╭─ Data block

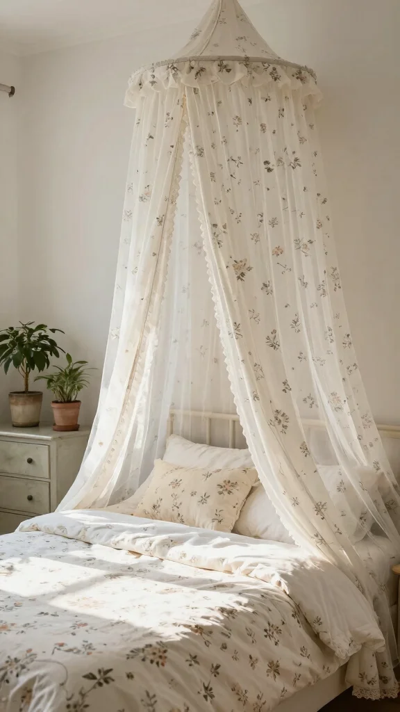 Create a DIY floral bed canopy for an extra touch of romance and whimsy in your bedroom. This simple project transforms your bed into a dreamy retreat, enhancing that cozy cottage feel. Use soft, sheer fabric in a white or floral print to create a whimsical canopy that drapes gracefully from the ceiling or a curtain rod. This addition not only enhances aesthetics but also provides a comforting atmosphere, making your bed the perfect sanctuary.
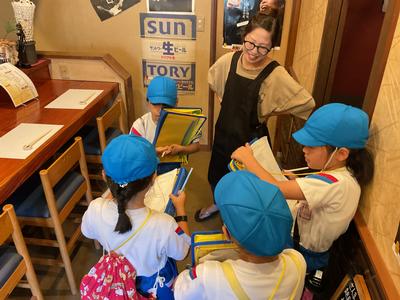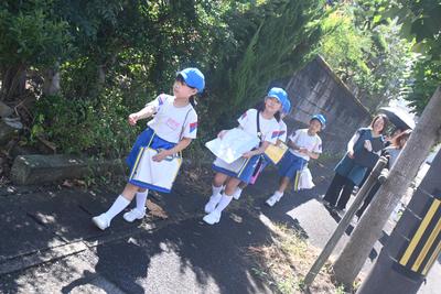 生活科でまち探検に出かけました。校区内ですが、初めて行く場所や初めて入る場所があり、新しい発見をたくさんできました。自分たちで地図を見たり、時計の時間を気にしたりしながら、無事学校に帰ってくることができました。お世話になった施設の皆さん、ボランティアでご協力いただいた保護者の皆さん、ありがとうございました。 |
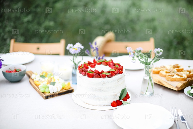 Торт на банкетном столе в саду

╰─

Produce a word-for-word version of the material, with no pictures included.

 Create a DIY floral bed canopy for an extra touch of romance and whimsy in your bedroom. This simple project transforms your bed into a dreamy retreat, enhancing that cozy cottage feel. Use soft, sheer fabric in a white or floral print to create a whimsical canopy that drapes gracefully from the ceiling or a curtain rod. This addition not only enhances aesthetics but also provides a comforting atmosphere, making your bed the perfect sanctuary.
 生活科でまち探検に出かけました。校区内ですが、初めて行く場所や初めて入る場所があり、新しい発見をたくさんできました。自分たちで地図を見たり、時計の時間を気にしたりしながら、無事学校に帰ってくることができました。お世話になった施設の皆さん、ボランティアでご協力いただいた保護者の皆さん、ありがとうございました。 |
 Торт на банкетном столе в саду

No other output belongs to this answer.